§ What you will do: Retype, word for word, the line holding "Plawdlik Folding Adirondack" and each line after it down to the end of the data; pictures are not copied.

□ □ □

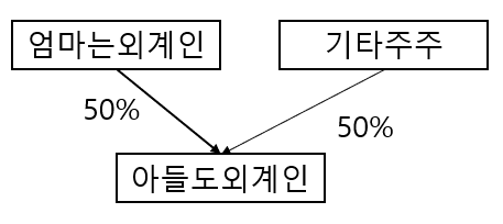 아래와 같이 "엄마는외계인"이라는 회사가 "아들도외계인"이라는 회사의 지분율 50%라고하자. 그리고 그외 기타주주들이 50%라고하자. 그러면 "엄마는외계인"이라는 회사가 모회사, "아들도외계인"이라는 회사는 자회사(종속기업)으로된다. 종속기업이기 때문에, 요약연결재무표에 "아들도외계인"의 자산과 부채를 합쳐서 계산하고, 자본에 지배기업의 소유지분만큼의 자본을 고려하여 계산한다. 예를들어, 엄마는 외계인이라는 회사의 자본이 100억 (별도회계상), 아들도외계인이라는 회사의 지분은 50억이었으면, 엄마는외계인의 지배기업의 소유지분은 100억(엄마꺼) + 아들도외계인 50억 * 지분율 50%으로, 총 125억이 지배기업의 소유지분이다.
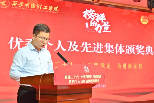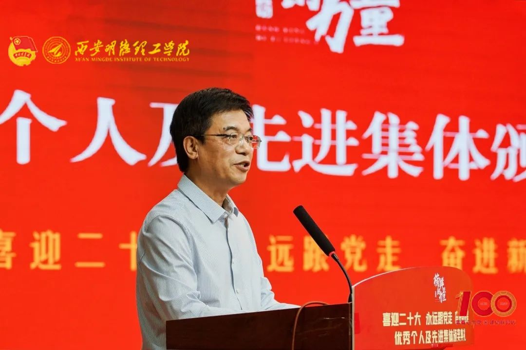 党委书记阎东明代表学校对受到表彰的先进集体和优秀个人表示热烈的祝贺,向长期以来辛勤付出的各位老师表示崇高的敬意和衷心的感谢,同时向同学们提出了三点希望:希望同学们坚持理想,志存高远。只有志存高远、坚毅果敢,不断在平凡的环境中淬炼不平凡的理想,才能真正成为有理想、有胆魄、有才华的优秀人才;希望同学们珍惜光阴,不负韶华。青年是学习的黄金时期,学习是青年的首要任务,“业精于勤而荒于嬉”,同学们正处于学习的黄金时期,应该把学习作为首要任务,惜时如金,刻苦学习;希望同学们修身明德、砥砺品性。品格是世界上最强大的动力之一,它是人生的支撑、生命的脊梁。一个品格高尚的人,可能不是最有权势和最有影响的人,但却因其高贵的品行而赢得最多的尊重,也必将成为拥有光明未来的人。
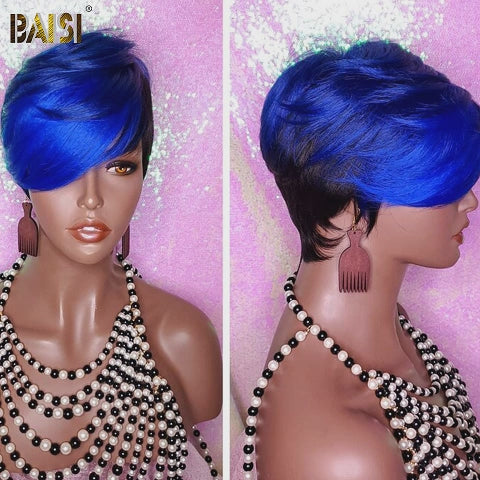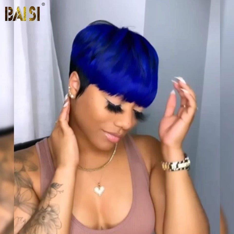 BAISI Perruque Pixie Lisse En Couleur Noir bleu 55€ en 100% Cheveux Humains
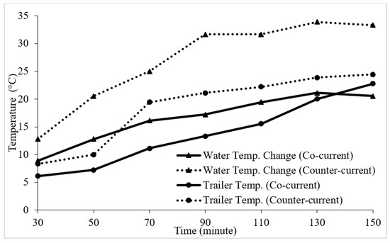 As shown in Figure 6, the effect of flow direction on the water temperature changes, LMTD, and trailer temperature by using the twisted tube based STHE system were further studied. Co-current refers to the direction of flue gas flow in the shell when equivalent to the direction of water flow. Counter-current refers to the direction of flue gas flow in the shell when opposite to the direction of water flow. In both directions, water temperature changes were sharply increased during the first 90 min and then plateauing at a constant. This is because the total heat input of fuels was kept as 42.20 MJ/h at the beginning and increased to 180.32 MJ/h by addition of poultry litter (PL = 7.08 kg/h) into natural gas (NG = 0.31 10−3 m3/s) in the remaining co-combustion process. It was found that water temperature change in the counter-current is larger than the co-current direction. For instance, counter-flow has the largest water temperature change (33.3 ) with reduction of flue gas temperature (276.6 ) while co-current has water temperature change (20.6 ) with reduction of flue gas temperature (330.4 ). Heat is transferred at a high rate throughout the entire heat exchanger with counter-current direction when compared to co-current direction. This is likely due to the high temperature difference between the cold and hot water. In addition, LMTD of the counter-current flow direction is larger than the co-current flow direction. These results imply that the heat transfer process under counter-current condition is more effective than the co-current condition. Counter-current flow extracted a higher proportion of the heat content from the heating fluid (i.e., hot flue gas) into the cold fluid (i.e., water). The possible reason may be that the hot fluid cools off to some extent but is much warmer than the cold fluid. Thus, cold water entering from right side of the STHE system could absorb heat from the hot flue gas gradually and close to the inlet temperature of hot flue gas when the cold water is moving towards the left side of the STHE system. This process may increase the possibility to achieve a higher water temperature than the co-current case. Moreover, the trailer temperature was increased from 6.1 to 22.8 with an average outside temperature of 1.38 under the counter-current condition. Under a co-current condition, the trailer temperature changed from 8.3 to 24.4 with an average outside temperature of 5.3 . To that end, counter-current direction was observed to have higher water temperature changes, LMTD, and increment of trailer temperature than co-current flow direction.
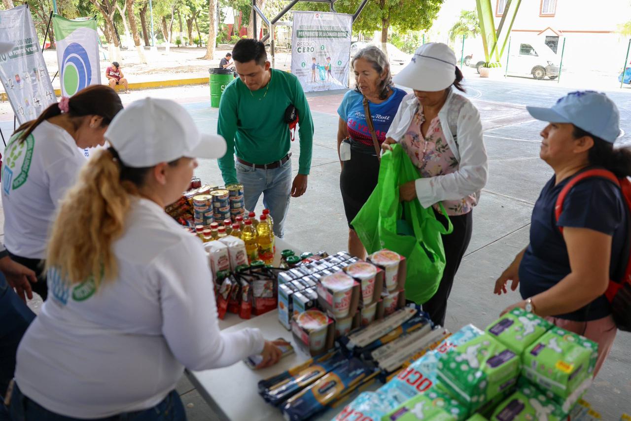 En el marco de la Onceava Edición del programa “Residuo Cero”, implementado por el Ayuntamiento de Benito Juárez a través de Solución Integral de Residuos Sólidos (Siresol), se realizó la Jornada del Centro de Residuos Recuperables en el Domo Deportivo de la Supermanzana 517, donde las personas acudieron al intercambio de materiales valorizables por productos de la canasta básica.
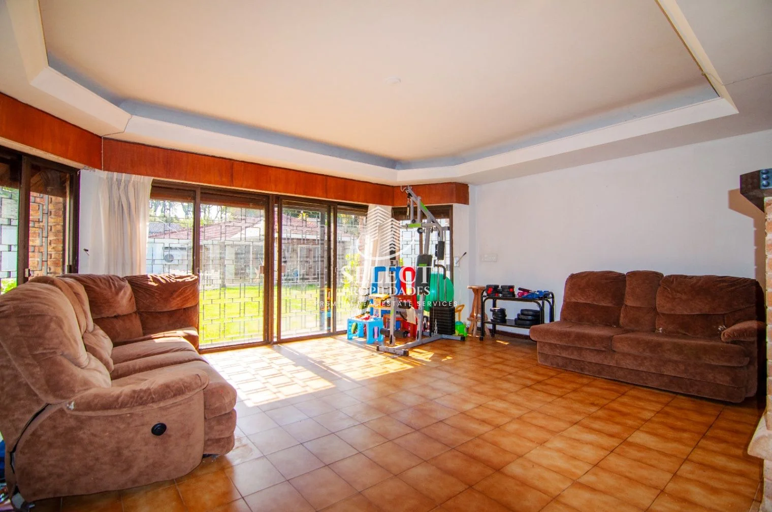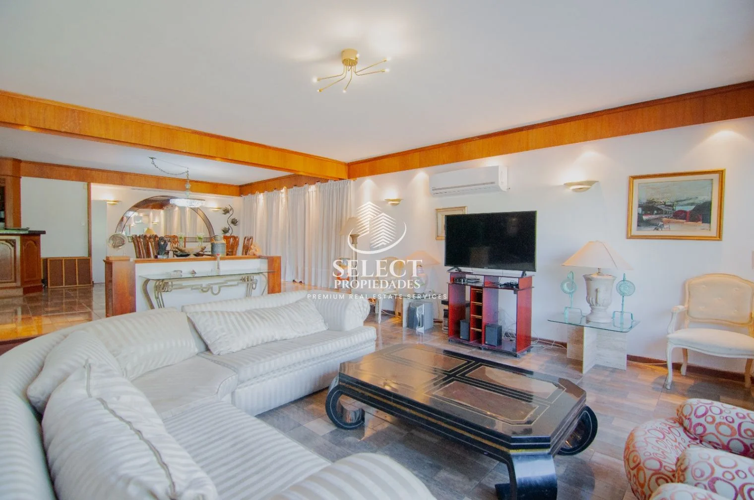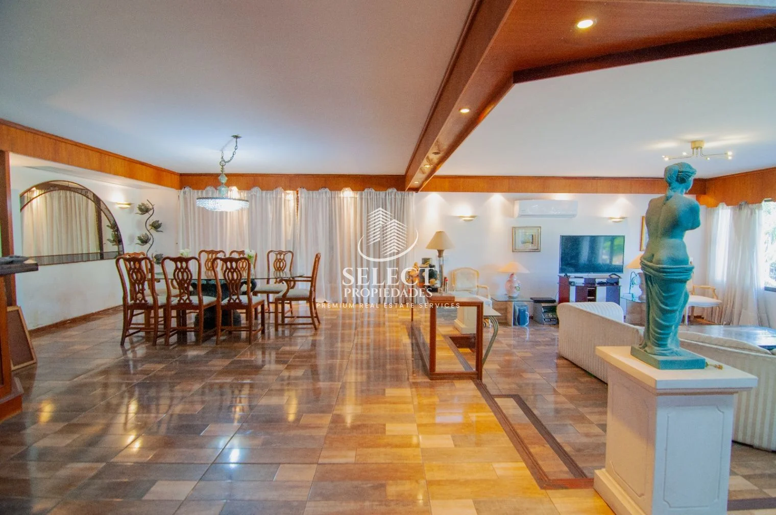 Ingresamos a muy amplio living con estar, con ventanales al frente.
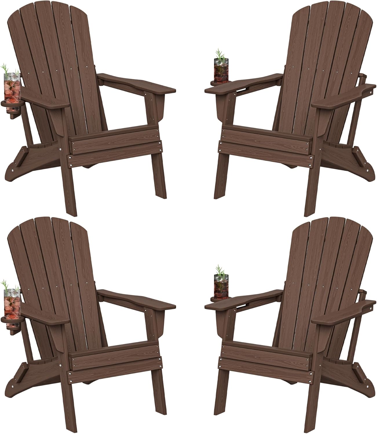 Plawdlik Folding Adirondack Chair Set of 4, Cup Holder,Wooden Textured ,Heavy All-Weather HDPE Comfortable Set Poolside Backyard Lawn Coffee
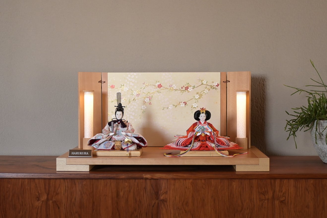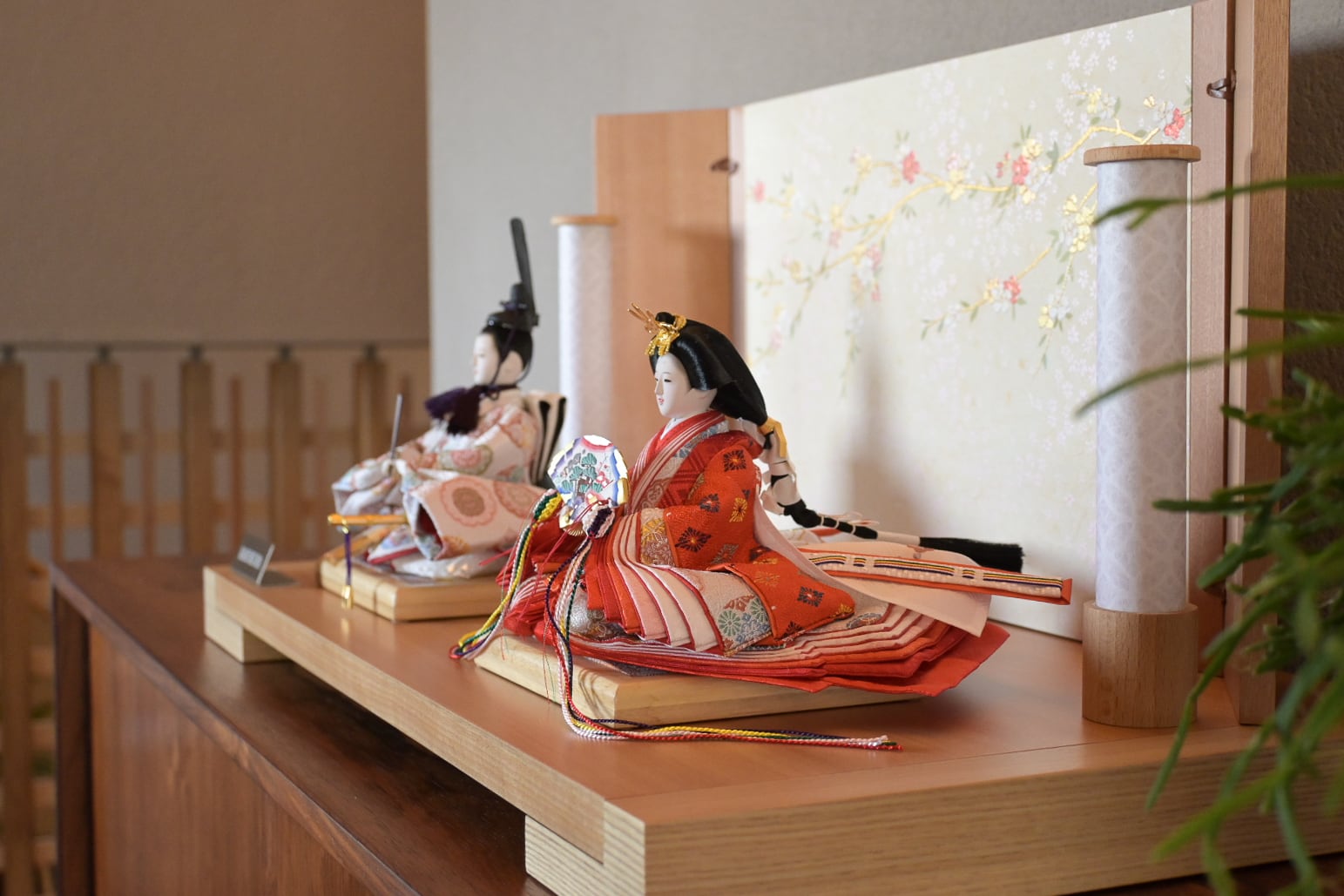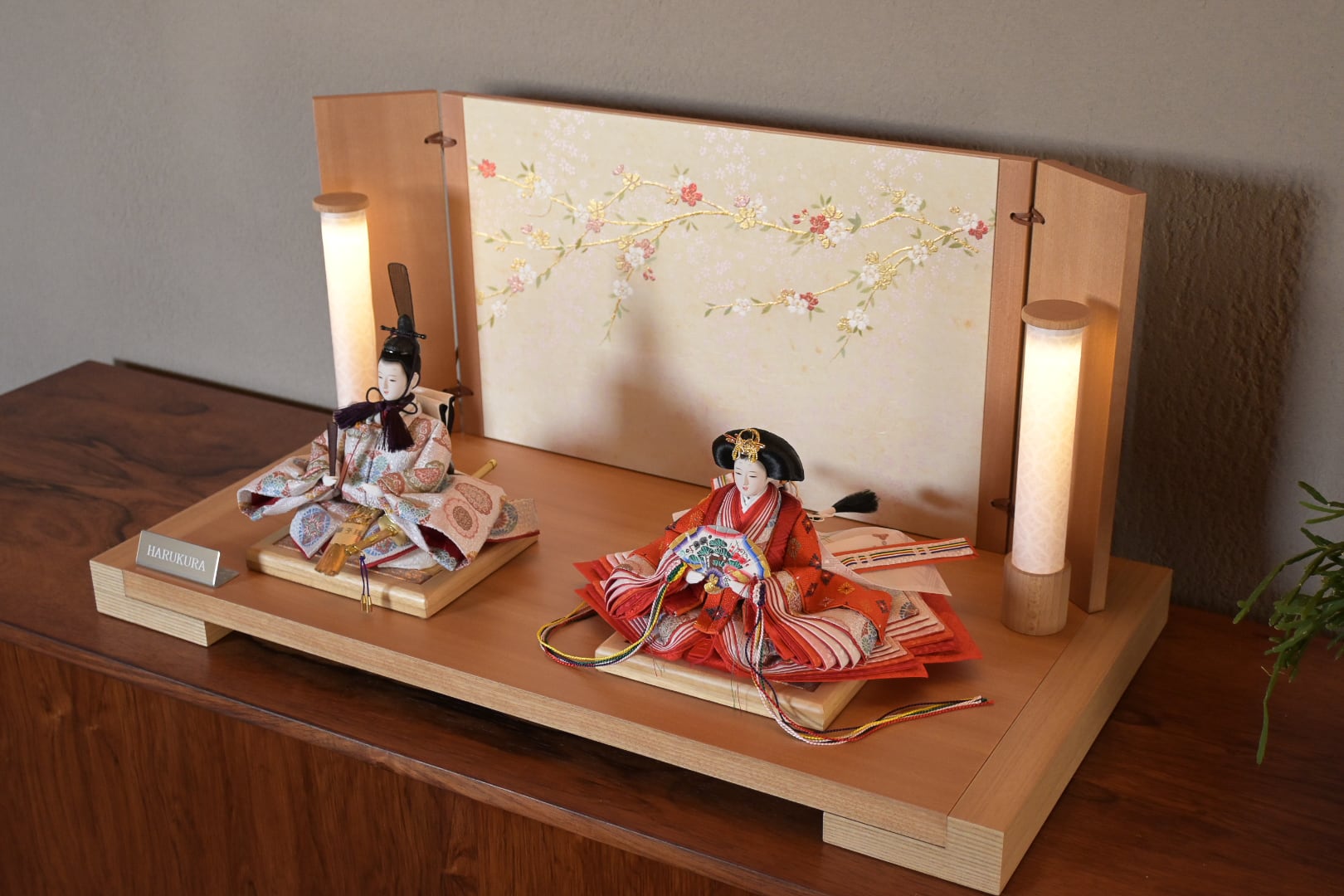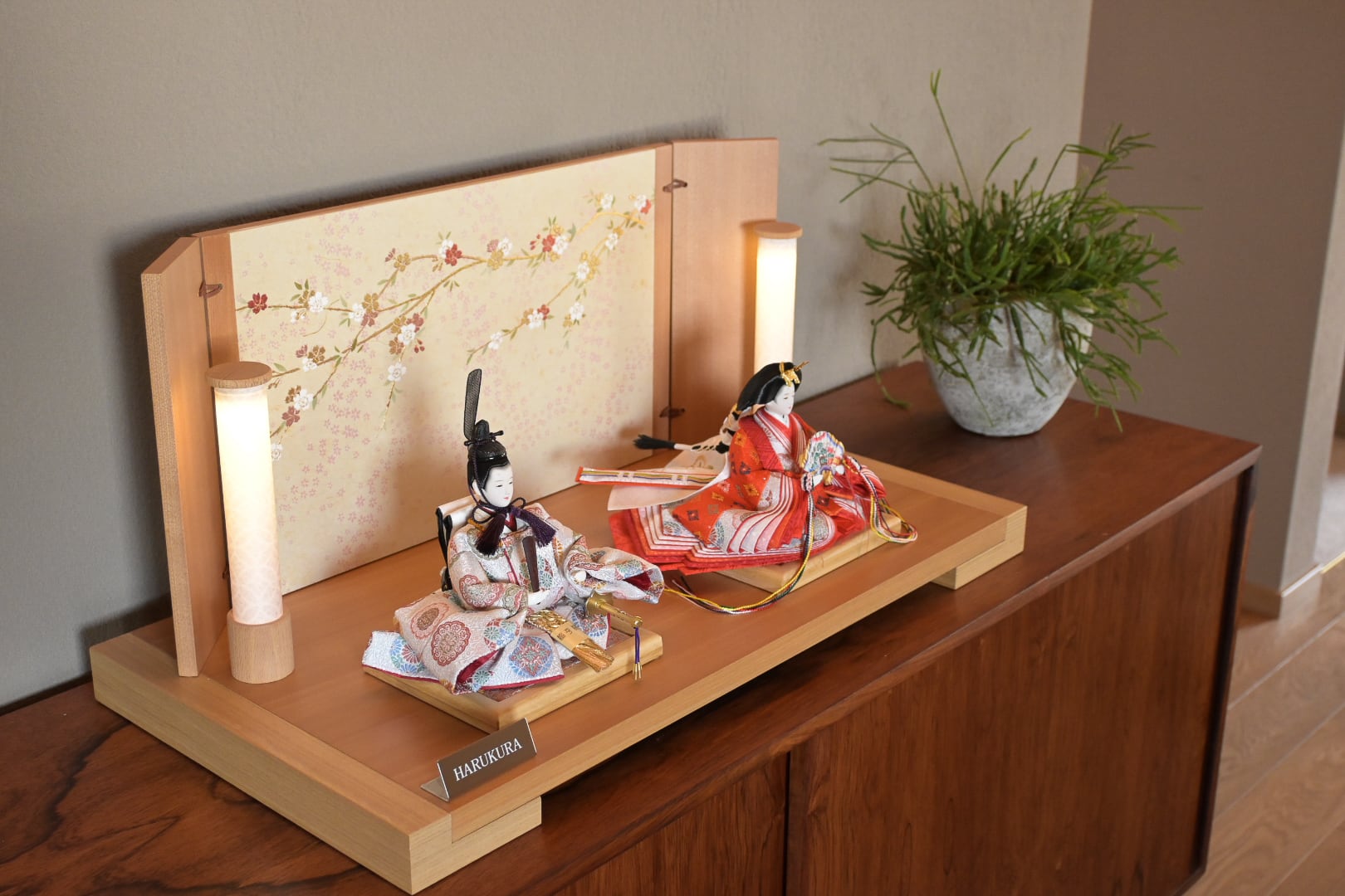 屏風の枝桜とレトロなお雛様の衣裳は相性ぴったり。

□ □ □

§ Your solution:
 Plawdlik Folding Adirondack Chair Set of 4, Cup Holder,Wooden Textured ,Heavy All-Weather HDPE Comfortable Set Poolside Backyard Lawn Coffee
 屏風の枝桜とレトロなお雛様の衣裳は相性ぴったり。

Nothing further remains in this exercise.